Implications for using SGLT2 inhibitors as treatment for patients with heart failure and reduced ejection fraction, regardless of whether they have diabetes based on DAPA-HF, a practice-changing study.
Darren K. McGuire, MD, MHSc: In the wake of the Type 2 diabetes trials proving the benefits of SGLT2 inhibitors, both on atherosclerotic cardiovascular disease outcomes and heart failure outcomes, the field raced to get into a broader space testing these drugs in heart failure. The DAPA-HF trial was the first that had been presented. There’s a similar trial ongoing with empagliflozin. These trials have enrolled patients with reduced-ejection fraction heart failure, independent of their diabetes status. In a great stroke of luck in DAPA-HF, it was roughly a fifty-fifty split. About half the patients had diabetes, and about half the patients did not have diabetes.

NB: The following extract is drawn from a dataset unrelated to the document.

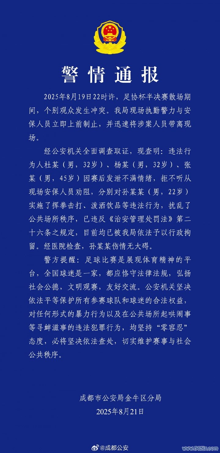 08月21日讯 2025年8月21日,成都市公安局金牛区分局发布警情通报,足协杯准总决赛 后滋事三人被行拘。

Everyone entering the trial had reduced-ejection fraction heart failure, and they were randomized, on top of outstanding evidence-based heart failure therapies, to receive dapagliflozin versus placebo. It was a remarkable superiority benefit both overall for cardiovascular death and hospitalization for heart failure, and for acute presentation with heart failure complications, which was the primary outcome. There was no difference whether the patients had or did not have diabetes.
This is a landmark, revolutionary trial in the heart failure spaces, specifically in heart failure with reduced ejection fraction. This now adds to the level 1A–indicated therapies like ACE inhibitors, ARBs, beta-blockers, and mineralocorticoid antagonists. We now have a brand-new class with robust evidence suggesting incremental benefit added to the best-available therapy up to that time. This is a landmark, practice-changing study, and my colleagues are already embracing this and using SGLT2 inhibitors routinely.
I am going to be thrilled if we get a second trial confirming that this is a class effect. Right now, all we know is that dapagliflozin has this benefit. I look very keenly to the results from the EMPA Acute Heart Failure trial with reduced-ejection fraction to confirm that this may be a class effect and that the use of all these agents may benefit such patients.